Tunguska Event - Simulated
Tunguska Event – Simulated

Tunguska

Today is Asteroid Day, the 108th anniversary of the “Tunguska Event,” the largest asteroid impact in recorded history, when a roughly 40 meter-wide (125 feet) rock exploded high in the air over Tunguska, Siberia, in 1908. The explosion released the power of 185 Hiroshima-type atomic bombs (though without the deadly radioactivity) and flattened trees for many miles.

An asteroid, also known as a “meteoroid,” is simply a chunk of rock or iron shooting through space, usually in an orbit around the sun. Most of them, including the very largest, orbit in the so-called “asteroid belt” between Mars and Jupiter; but a relative few wander the solar system in essentially all kinds of possible orbits. And a “relative few” can be a very large number when we’re talking about asteroids.

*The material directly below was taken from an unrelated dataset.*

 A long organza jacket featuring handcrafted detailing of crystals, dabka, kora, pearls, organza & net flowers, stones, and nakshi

Trees felled by the Tunguska Asteroid explosion Jun 30, 1908
Trees felled by the Tunguska Asteroid explosion Jun 30, 1908

Fortunately, there were no known human casualties of the Tunguska Event because the area was uninhabited. It was even several years before scientists could even get to the site to see what had happened.

Asteroid Day was designated, beginning last year, as a way to educate people about the danger imposed by near-earth asteroids. The more people who understand the danger, the more likely our leaders will be to put resources into finding ways to prevent it.

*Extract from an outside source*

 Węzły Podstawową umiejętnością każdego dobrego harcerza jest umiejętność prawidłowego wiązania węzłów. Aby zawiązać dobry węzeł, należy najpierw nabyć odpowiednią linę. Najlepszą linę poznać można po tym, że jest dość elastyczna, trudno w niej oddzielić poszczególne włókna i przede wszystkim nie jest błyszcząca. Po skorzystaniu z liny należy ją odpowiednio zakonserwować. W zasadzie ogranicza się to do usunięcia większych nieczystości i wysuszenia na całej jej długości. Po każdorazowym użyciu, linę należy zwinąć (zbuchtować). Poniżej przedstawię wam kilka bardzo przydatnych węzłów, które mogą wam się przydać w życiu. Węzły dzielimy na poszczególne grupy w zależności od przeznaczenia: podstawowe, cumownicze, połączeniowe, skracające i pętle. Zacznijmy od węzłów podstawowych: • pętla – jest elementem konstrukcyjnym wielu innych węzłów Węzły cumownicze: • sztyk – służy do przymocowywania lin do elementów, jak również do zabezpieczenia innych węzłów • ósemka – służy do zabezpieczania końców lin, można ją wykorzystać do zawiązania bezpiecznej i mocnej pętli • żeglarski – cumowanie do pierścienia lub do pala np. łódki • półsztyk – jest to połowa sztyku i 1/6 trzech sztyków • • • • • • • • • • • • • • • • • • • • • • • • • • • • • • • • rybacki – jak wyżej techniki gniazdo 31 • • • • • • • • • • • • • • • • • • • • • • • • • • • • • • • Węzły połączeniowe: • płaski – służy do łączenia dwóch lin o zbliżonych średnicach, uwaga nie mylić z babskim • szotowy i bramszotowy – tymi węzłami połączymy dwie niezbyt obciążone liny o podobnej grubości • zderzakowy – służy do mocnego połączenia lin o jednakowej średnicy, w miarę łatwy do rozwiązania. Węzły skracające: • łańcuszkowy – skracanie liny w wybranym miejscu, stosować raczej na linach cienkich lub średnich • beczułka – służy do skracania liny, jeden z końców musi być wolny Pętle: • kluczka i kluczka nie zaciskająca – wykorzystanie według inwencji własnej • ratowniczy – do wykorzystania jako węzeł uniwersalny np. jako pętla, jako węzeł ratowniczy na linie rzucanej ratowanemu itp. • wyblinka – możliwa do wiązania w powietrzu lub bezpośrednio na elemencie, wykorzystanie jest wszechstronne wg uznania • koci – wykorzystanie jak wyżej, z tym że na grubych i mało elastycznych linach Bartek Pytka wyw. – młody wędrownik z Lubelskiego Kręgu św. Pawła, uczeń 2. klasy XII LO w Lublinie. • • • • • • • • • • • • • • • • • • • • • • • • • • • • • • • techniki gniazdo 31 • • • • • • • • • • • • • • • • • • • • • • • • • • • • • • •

The Panoramic Survey Telescope in Hawaii is dedicated to finding asteroids that cross earth’s orbit, called “earth crossers” or “near earth asteroids,” because some of them could pose serious dangers to us. So far, it has found 10,000 of them and astronomers estimate there are literally several million more. The 10,000th one, found June 18, 2013, and designated Asteroid 2013 MZ5, was 1,000 feet (300 meters) across. If it were to strike our planet, it could unleash more than 400 times as much destructive power as the Tunguska Event. Fortunately, it’s path does not directly intersect with ours for the foreseeable future.

Chelyabinsk

However, it was only four months earlier, on February 15, 2013, that the Chelyabinsk Meteor entered Earth’s atmosphere over the southern Ural region of Russia with a speed of approximately 19 kilometres per second (41,000 mph). Its light was brighter than the Sun, and it was visible up to 100 km (60 mi) away. Some witnesses even felt intense heat from the fireball.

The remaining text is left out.